Tour de France (st. 6)
Nairo Quintana, Alejandro Valverde & Movistar Team tackle Pyrenees in TDF -Aspin as main climb on Friday- after no difficulties get in their way to Montauban; Colombian remains 7th overall, with 'Bala' in 3rd
Without any troubles. The Movistar Team got unscathed through the last ‘transfer on bike’ towards their first real mountain goal in the Pyrenees of the 2016 Tour de France. The Blues wore the traditional San Fermín scarf in Arpajon-sur-Cère before taking on the hot, relatively fast 190km towards Montauban, where Mark Cavendish (DDD) claimed his third stage win in the race. The squad directed by José Luis Arrieta and Chente García Acosta thus kept Nairo Quintana in his original seventh place overall -Alejandro Valverde as top of the Spanish outfit in third spot- before a trio of Pyrenean mountains from Friday to Sunday, which will start with the theoretically least hard of the three: 162.5km from L’Isle-Jourdain to an uphill finish in the Lac de Payolle and through the Col d’Aspin from Arreau (Cat-1): 12km at 6.5%, which could already bring some surprises.
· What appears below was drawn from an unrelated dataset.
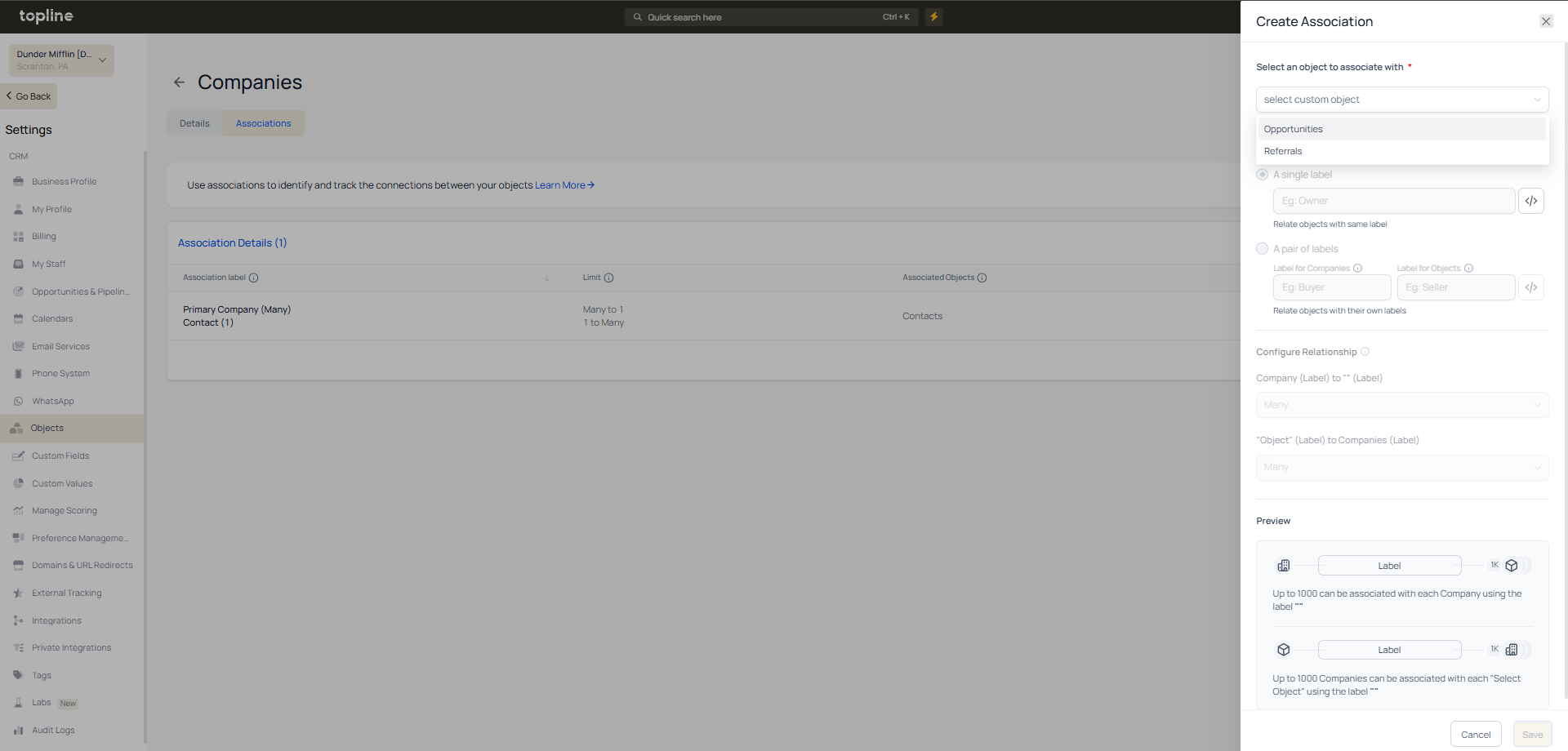 You can now link companies directly to custom objects and opportunities, creating stronger connections between records. This improves data organization, enhances reporting, and provides better context when managing business relationships.

THE MAIN ACTORS’ REACTIONS:
Nairo Quintana (audio): “It was another day of work properly done by my team-mates – they were excellent, without any errors. We got well through this final flat stage, which combined with all that first week was our first main goal in the Tour, and we’re raring to do into the mountains. Tomorrow’s finale will be already difficult with the Aspin, where we hope that the road will start setting things straight in the race. Froome attacking on the first mountain day as in previous years? Well, I think we might see more of the same tomorrow…!”
Alejandro Valverde (video): “It was quite of an easy day, but despite that calm pace, the rolling route and especially the heat made for some tough legs in the end and lots of nerves with the swerving into the finish. That’s how the Tour de France looks anyway. Those nerves will happen again tomorrow, but in a very different way. It will be an important day, and I feel like we could see something important tomorrow. However, I feel like the hardness on those two mountain stages from Saturday and Sunday might make tomorrow’s racing more conservative – we might not see as much of a difference on the Aspin as if the race scheme was less focused on the weekend.”
Dani Moreno (video): “Yesterday’s stage was a tough one because we tried to make it that way in the finale. We all found good legs and, apart from the fruit out actions had, our main gain from the Le Lioran finish was that: the good feelings into all of us. Anything can happen in the Pyrenees, yet, after yesterday’s good performance from all of us, we’ll be in good spirits and ready to take on that challenge with lots of focus and strength. Everyone talks about Nairo and Froome as the two main candidates; they seem to be riding calmly yet fully on, and I think that the combined efforts from the previous stages will bring some epic racing in the weekend. Surely, there will be some other important rivals who won’t make things easy for them. Let’s see what we can do to help Nairo.”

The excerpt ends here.